2.3 Business User Responsibilities

When using our platform to process customer data, Business Users act as data controllers and must:

• Determine the purposes and means of processing
• Ensure lawful basis for data collection
• Provide appropriate privacy notices to customers
• Respond to data subject requests
• Report data breaches to supervisory authorities (when applicable)

3. Legal Bases for Processing

We process personal data based on the following lawful bases under Article 6 GDPR:

3.1 Performance of Contract (Article 6(1)(b))

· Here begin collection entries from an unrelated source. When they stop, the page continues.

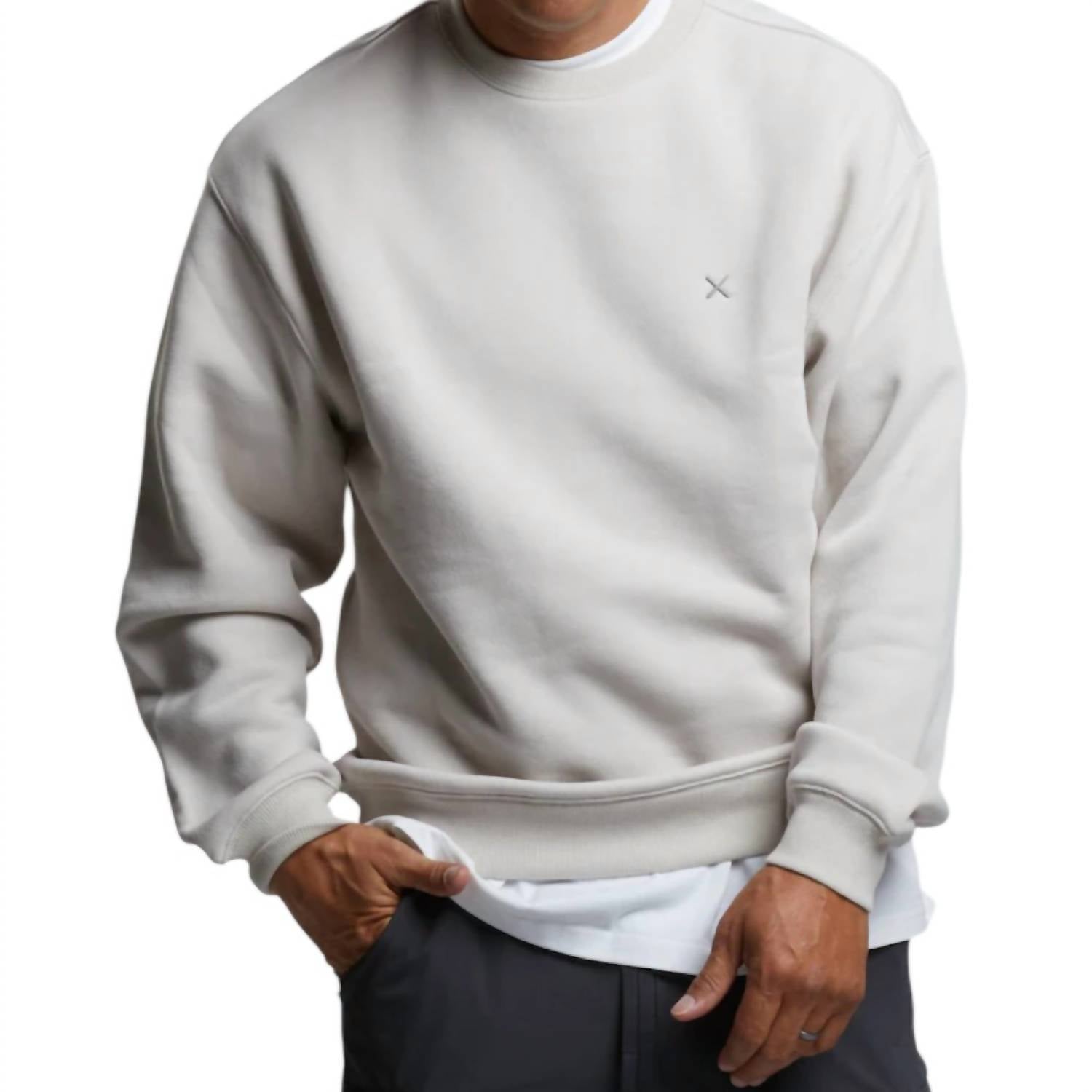 Introducing the Divine Fleece Pullover Top by CUTS, a minimalist essential in versatile parchment for any occasion. This long-sleeve crewneck is crafted from a luxurious cotton blend with a super soft brushed back fleece, providing both style and comfort. Complete with a unique custom gunmetal X logo, this solid, heavy-weight piece features a pull-on closure for ease. Care instructions recommend machine washing and laying flat to dry. Available in classic-fit, with body length measurements ranging from XS at 26 ½" to 2XL at 29 ¾".
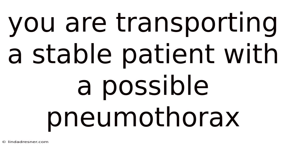 Transporting a stable patient with a possible pneumothorax requires meticulous planning, precise communication, and adherence to established protocols to ensure patient safety and optimal outcomes. This guide outlines the essential steps, clinical considerations, and practical tips for healthcare professionals involved in the safe transfer of such patients, whether within a hospital setting or to an external facility And that's really what it comes down to..
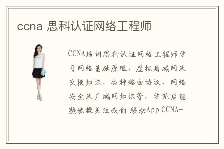 CCNA培訓(xùn)思科認(rèn)證網(wǎng)絡(luò)工程師學(xué)習(xí)網(wǎng)絡(luò)基礎(chǔ)原理、虛擬局域網(wǎng)及交換知識(shí)、各種路由協(xié)議、網(wǎng)絡(luò)安全及廣域網(wǎng)知識(shí)等,學(xué)完后能熟練操
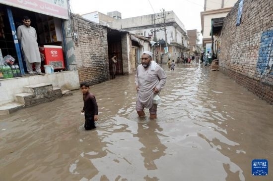 4月15日,在巴基斯坦西北部城市白沙瓦,人們涉水前行。新華社發(fā)(奧馬爾·卡尤姆攝)
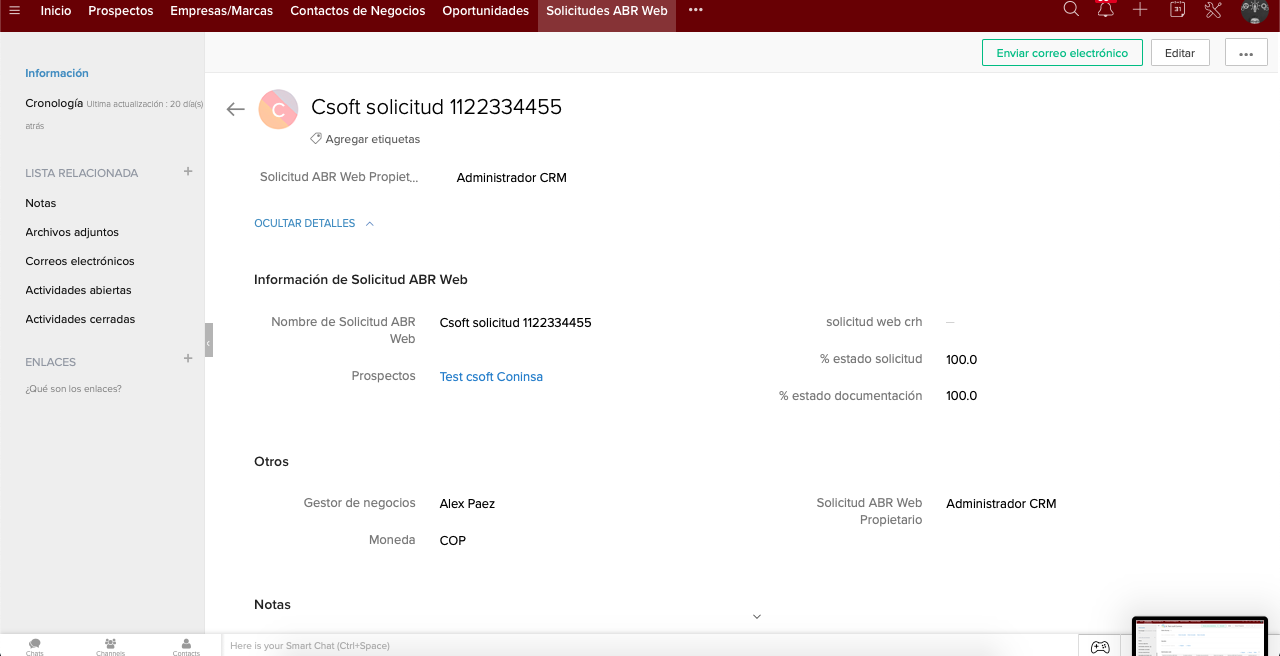 También se guarda y comparte el estado en que va el proceso, para que el asesor asignado en CRM pueda realizar el respectivo seguimiento.
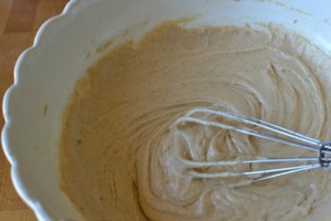 Mouku, prášek do pečiva, skořici, muškátový oříšek a sůl smícháme dohromady a důkladně promícháme. Máslo rozpustíme a vyšleháme s podmáslím. Nelekejte se, směs se může začít trochu „cuckovat“, ale půjde to rozšlehat a navíc, nemusí být úplně hladká. Všechno se upraví vmícháním suché směsi.
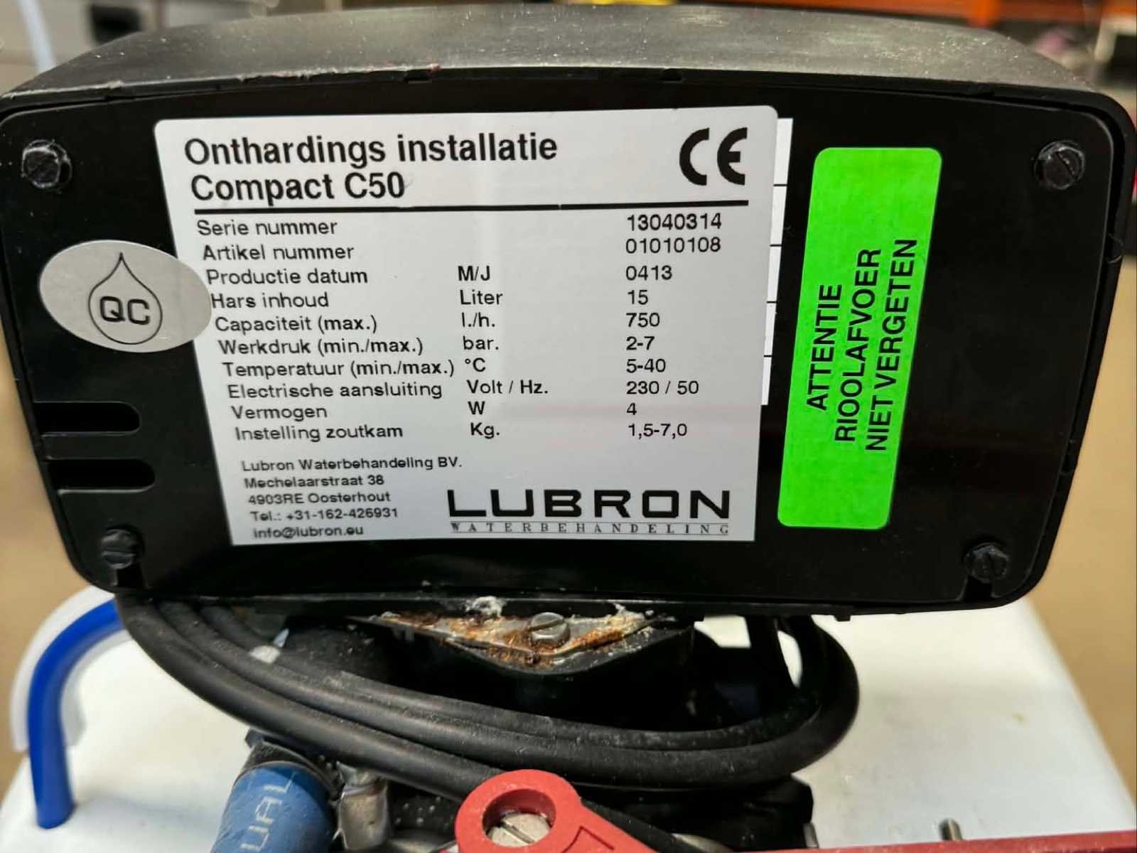 Lubron Professionele Waterontharder – Compact Model C50 Verzachtingssysteem voor kalkvermindering, geschikt voor professionele omgevingen (keuken, lichte industrie, wasserij, catering, enz.). Technische kenmerken: Merk: Lubron Waterbehandeling BV Model: Compact C50 Harsinhoud: 15 liter Maximale capaciteit: 750 L/u Bedrijfsdruk: 2 – 7 bar Bedrijfstemperatuur: 5 – 40°C Voeding: 230 V / 50 Hz Zoutstand: 1,5 – 7 kg Besturing door mechanische timer (tijdklok gestuurd) Ingebouwde harstank en zouttank met deksel No Merk: Lubron Aansluiting: 230V Type: Compact C 50 Tankinhoud: 15l
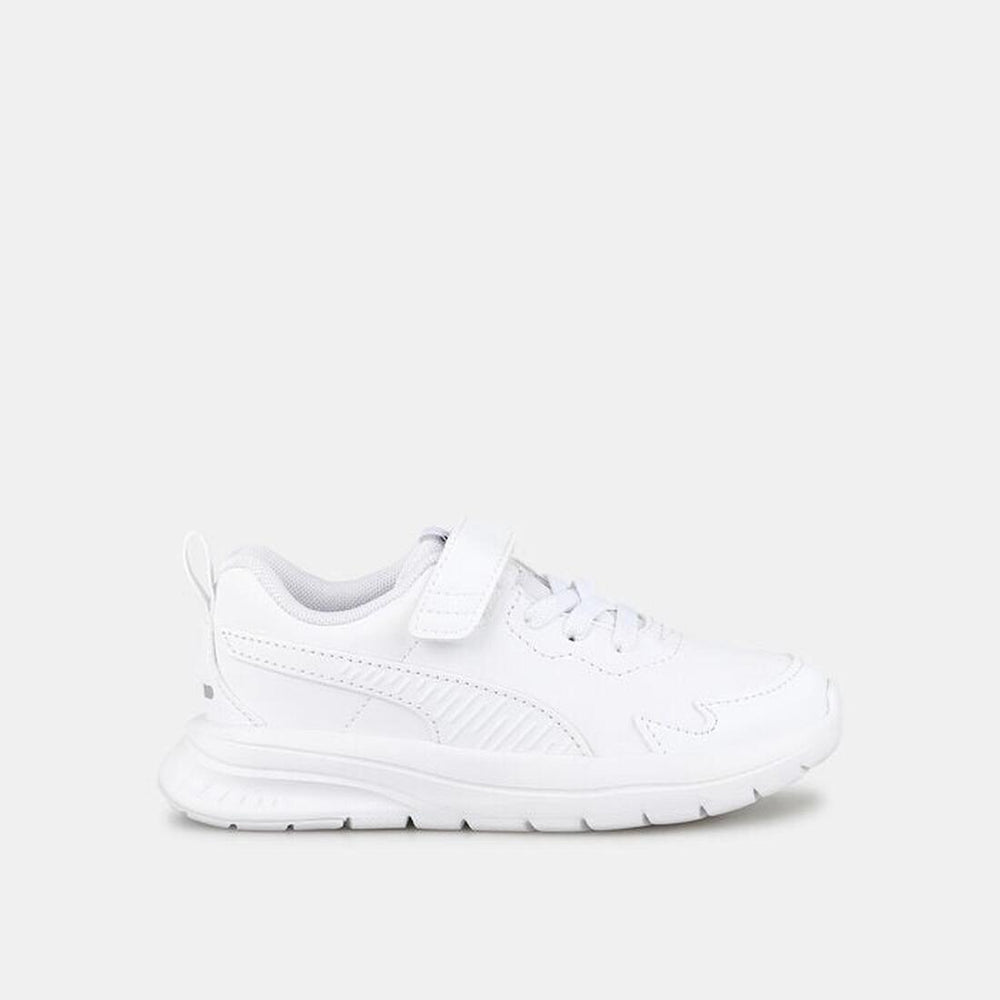 The upper is adorned with hotmelt overlays and debossed lines that are understated in appearance. There's also a hook-and-loop closure at the top to take the shoes on and off with ease. A styled PUMA Formstrip completes the look.
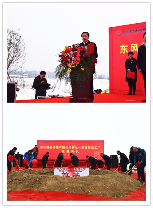 1月29日上午9時,東風精密鑄造有限公司新址一期暨智能工廠項目舉行開工奠基儀式。合肥巢湖經濟開發區黨工委副書記程習龍先生、安徽省鑄造協會會長解明國先生、安徽省鑄造協會秘書長張林先生、東風汽車零部件(集團)有限公司副總經理韓力先生、奇瑞新能源汽車技術有限公司合肥分公司總經理馬向陽先生以及東風精密鑄造有限公司總經理杜孔明、黨委書記孫長虹,東風精鑄供應商代表、東風精鑄技術人員代表參加了本次奠基儀式。
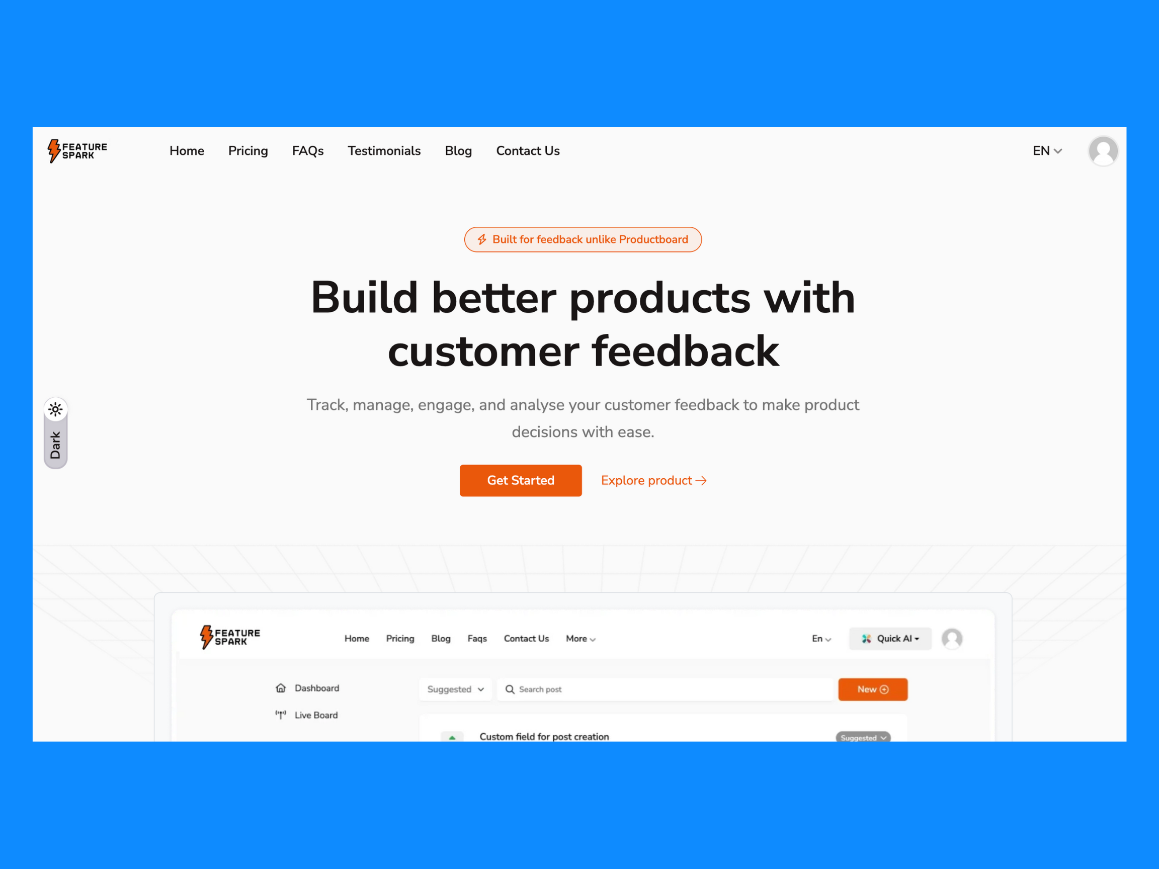 FeatureSpark is a powerful SaaS solution built on Laravel CMS that helps businesses efficiently gather, manage, and act on customer feedback. Whether you’re a startup refining an MVP or an established company improving customer engagement, FeatureSpark
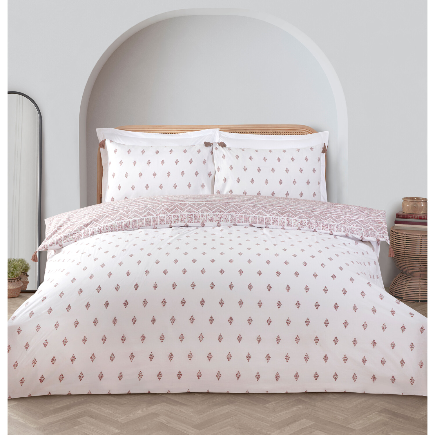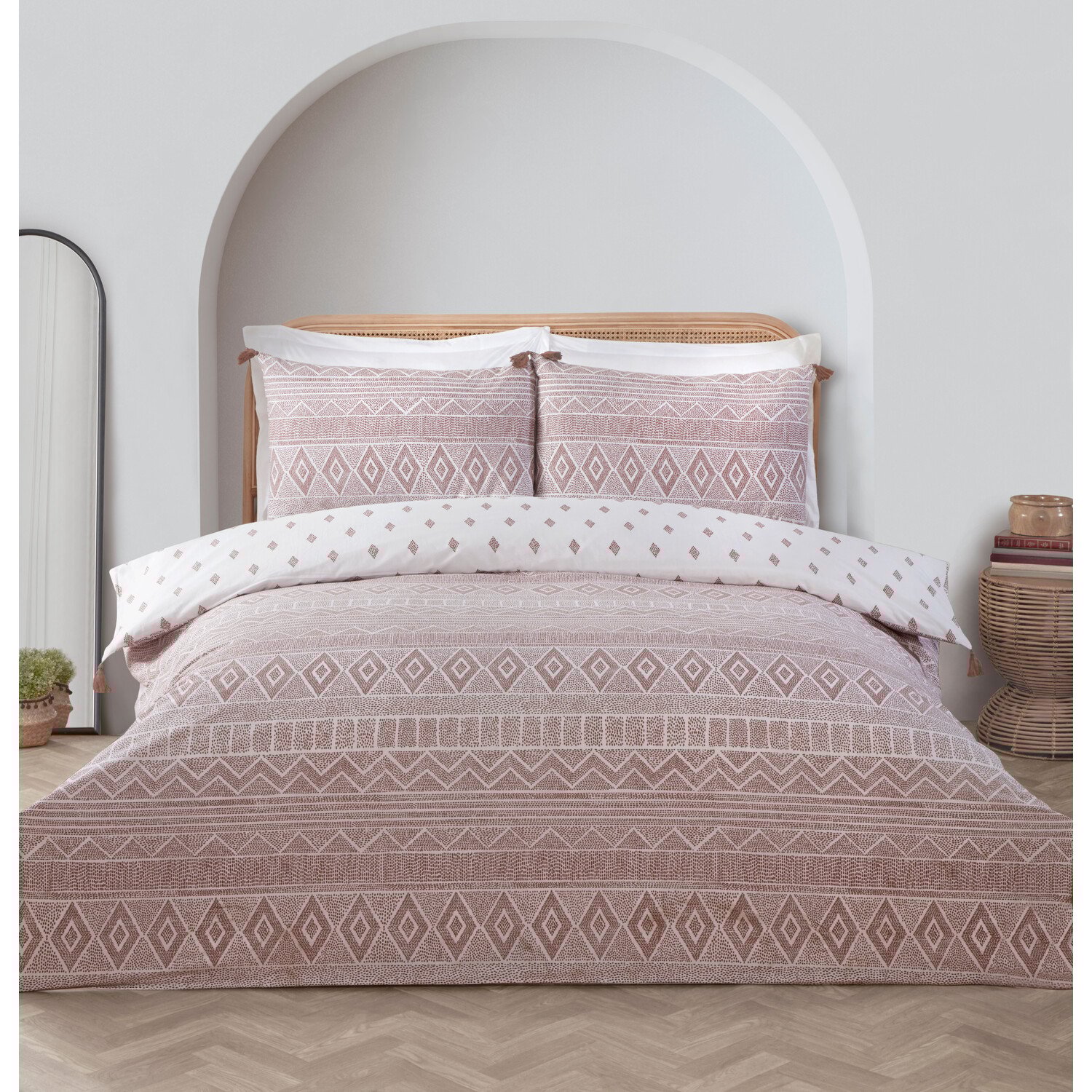 Add a gentle flair of colour to your space with this Talia Duvet Cover and Pillowcase Set. Featuring a geometric pattern inspired by Aztec design, this bedding has tasselled corners for added texture and unique styling. A great way to update your bedroom, this set is soft and comfortable with a reversible design, making it a wonderful choice for any home.

• Account creation and management
• Service delivery and functionality
• Payment processing
• Customer support
• Wallet pass generation and distribution

3.2 Consent (Article 6(1)(a))

• Marketing communications
• Email marketing opt-in
• SMS marketing opt-in
• Non-essential cookies and tracking

3.3 Legitimate Interests (Article 6(1)(f))

• Platform security and fraud prevention
• Service improvement and analytics
• Troubleshooting and debugging
• Business operations and administration

Legitimate Interest Assessment: We have conducted legitimate interest assessments for these purposes and determined that our interests do not override data subjects’ fundamental rights and freedoms.

3.4 Legal Obligation (Article 6(1)(c))

• Tax and accounting records
• Regulatory compliance
• Law enforcement requests
• Legal proceedings

4. Data Subject Rights

Under GDPR, data subjects have the following rights:

4.1 Right of Access (Article 15)

You have the right to:

• Confirm whether we process your personal data
• Obtain a copy of your personal data
• Receive information about our processing activities

Response time: Within 30 days of receiving your request.

4.2 Right to Rectification (Article 16)

You have the right to:

• Correct inaccurate personal data
• Complete incomplete personal data

How to exercise: Contact us at admin@carrott.io or update information in your account settings.

4.3 Right to Erasure (Article 17)

You have the right to request deletion of your personal data when:

• The data is no longer necessary for its original purpose
• You withdraw consent (where consent was the legal basis)
• You object to processing and there are no overriding legitimate grounds
• The data has been unlawfully processed
• Deletion is required by law

Limitations: We may retain data required for legal compliance, legal claims, or legitimate archival purposes.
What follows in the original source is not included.